What are the two situations in which disclosure of protected health information is required?

Covered entities must disclose PHI when an individual or their designated representative requests their health information. The only other time when disclosure is required is during a compliance investigation, review, or enforcement action made by the Department of Health and Human Services (HHS).

Describe a limited data set for purposes of research, public health, or healthcare operations.

Limited data sets include deidentified protected health information (PHI), stripped of details such as names of individuals, relatives, household members, or employees. To receive a limited data set, it is required for the recipient to follow a data use agreement with PHI safeguards. Patient authorization should have certain content such as an expiration date and a note that it is revocable, no matter whether the authorization is required or optional. Having a standard format for patient authorization made by legal counsel is a must for covered entities.

Describe the differences between civil and criminal acts in violation of the Health Insurance Portability and Accountability Act of 1996 (HIPAA).

One notable difference between civil and criminal violations is intent. Civil violations occur when individuals mistakenly violate HIPAA with inappropriate use or disclosure of protected health information (PHI). Criminal violations occur when individuals intentionally do the aforementioned. Another difference is the severity of the consequences. If a civil violation is rectified by a covered entity within 30 days of discovery of the violation, there are no penalties. A covered entity may face a fine of $100 to $50,00 per violation, but there is a limit of $1.5 million that can be fined annually. However, criminal violations can result in a $50,000 fine and prison for one year. It increases to $100,000 with prison for five years with false pretenses, and $250,000 with prison for ten years if there is intent to inflict harm or benefit from it commercially/personally.
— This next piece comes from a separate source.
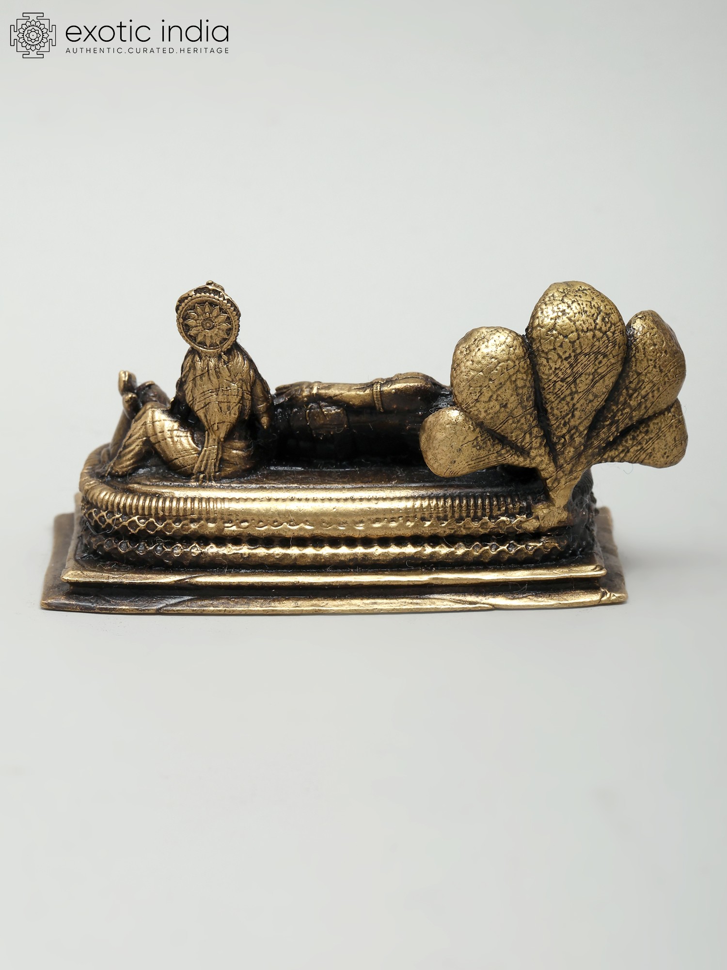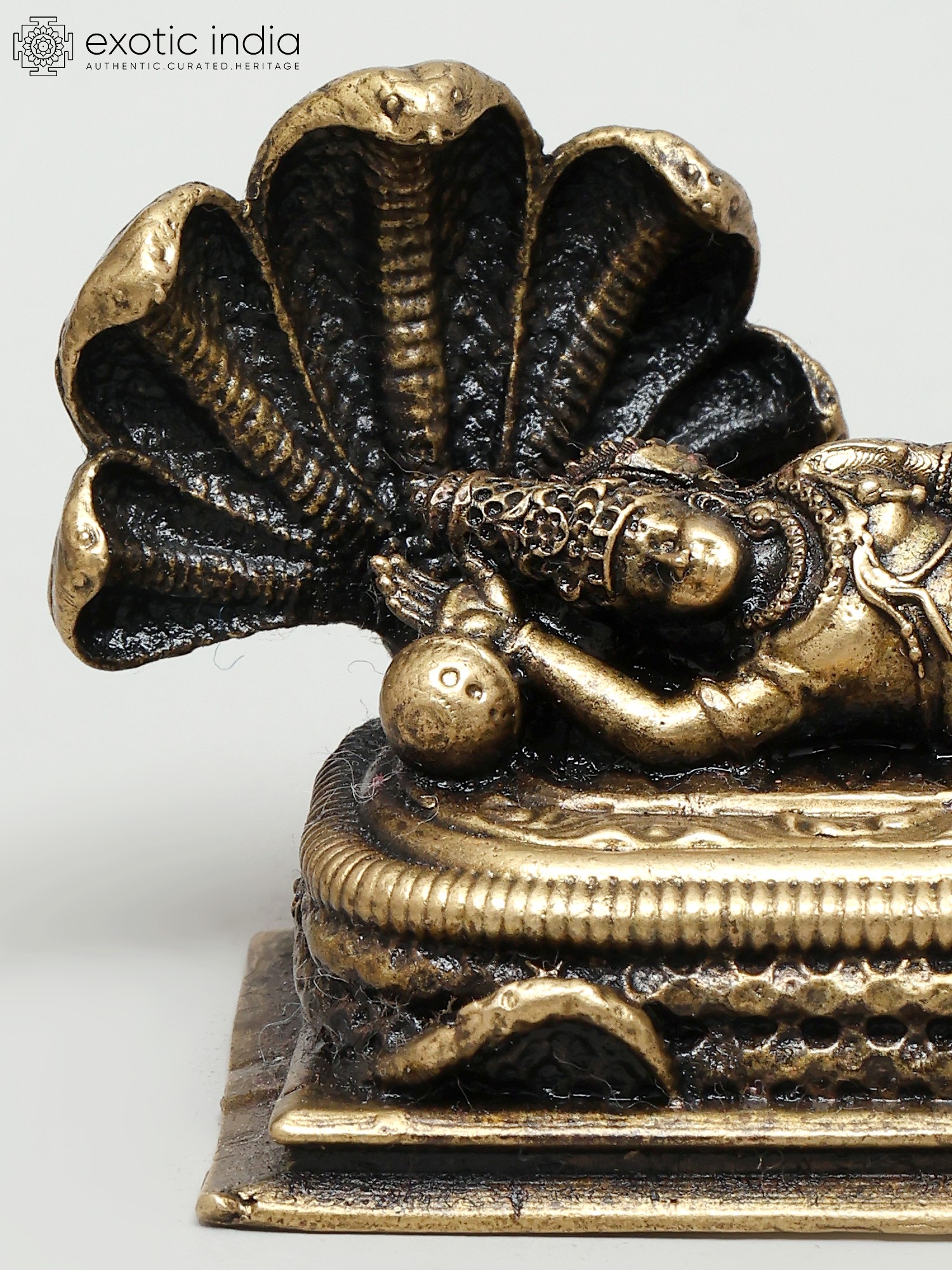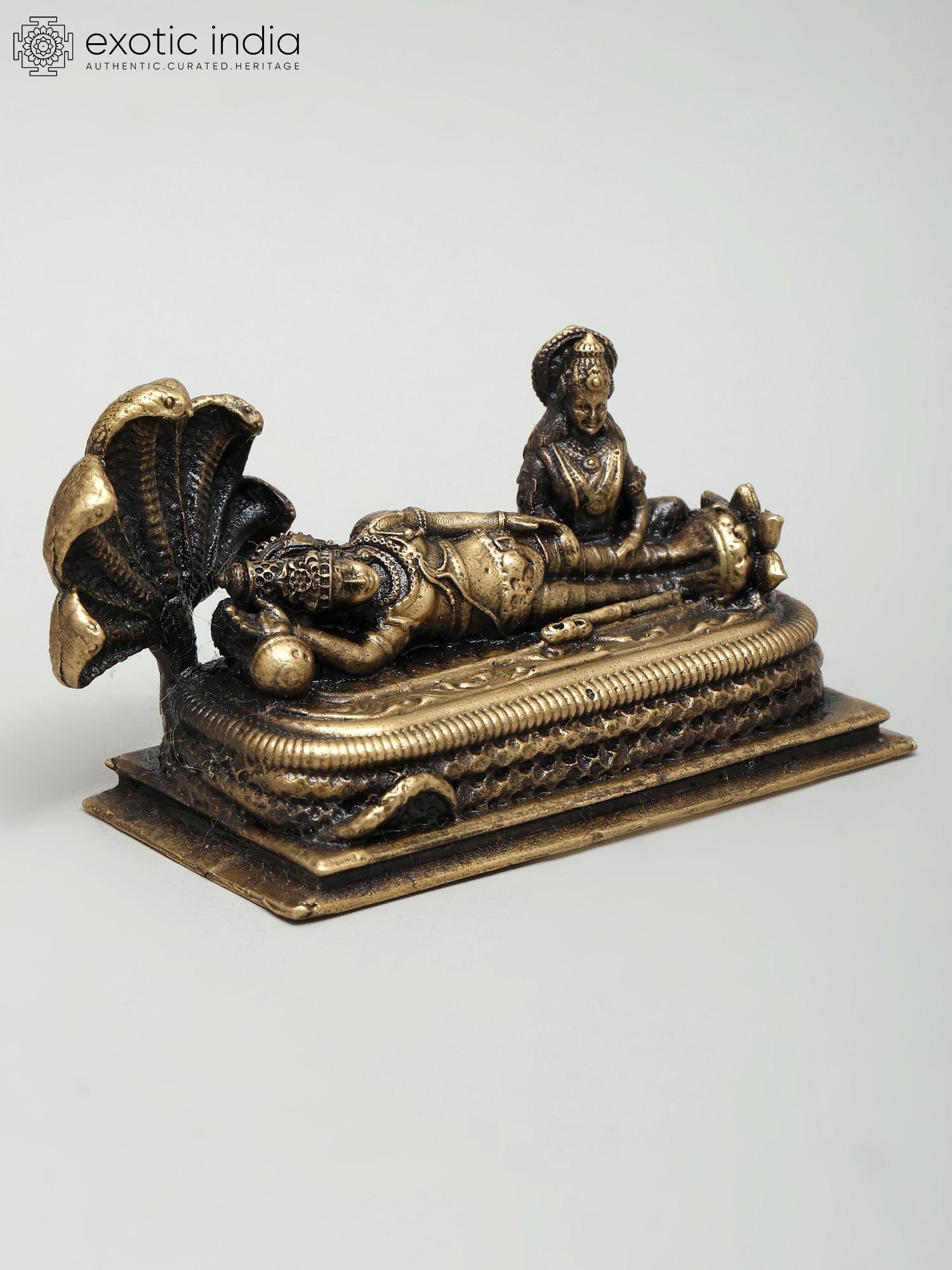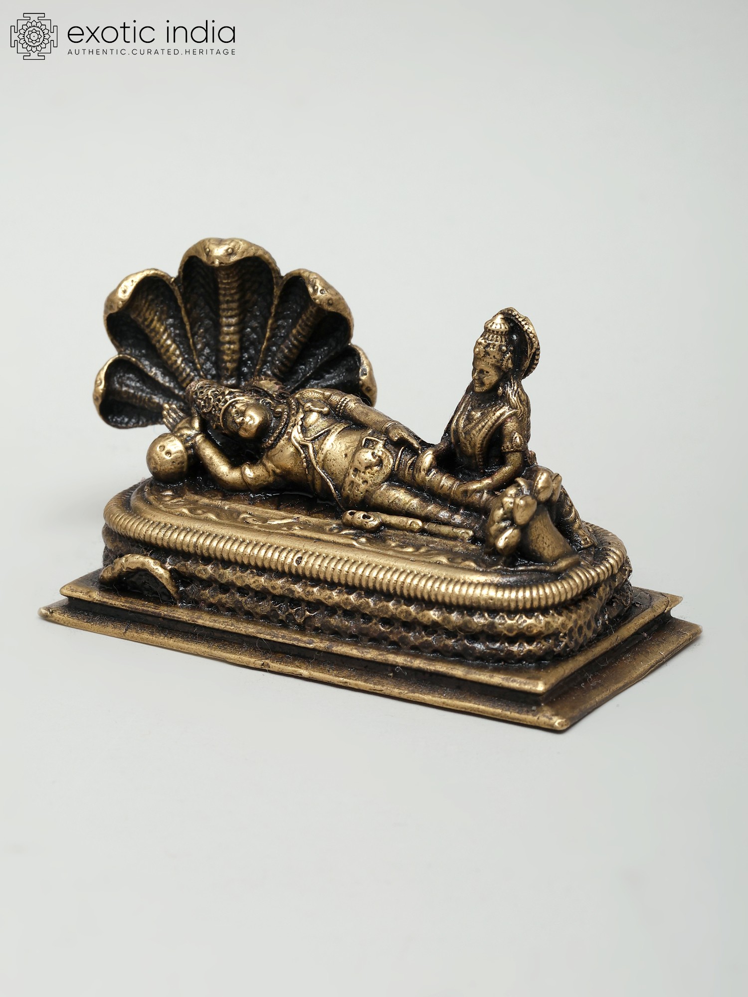 4" Brass Sheshashayi Vishnu Sculpture | Handmade | Made in India

The federal government also issues a resolution agreement for criminal violations, in which covered entities agree to perform tasks such as training, audits, and sending reports while the government oversees their compliance.

List the top five compliance issues that have been investigated by the federal government since HIPAA went into effect.

Impermissible use and disclosure of PHI is the top compliance issue investigated by the government. Ordered from most to least common, the other four most frequently investigated issues are lack of PHI safeguards, lack of patient access to PHI, lack of ePHI administrative safeguards, and disclosure or use of PHI that is greater than the minimum necessary.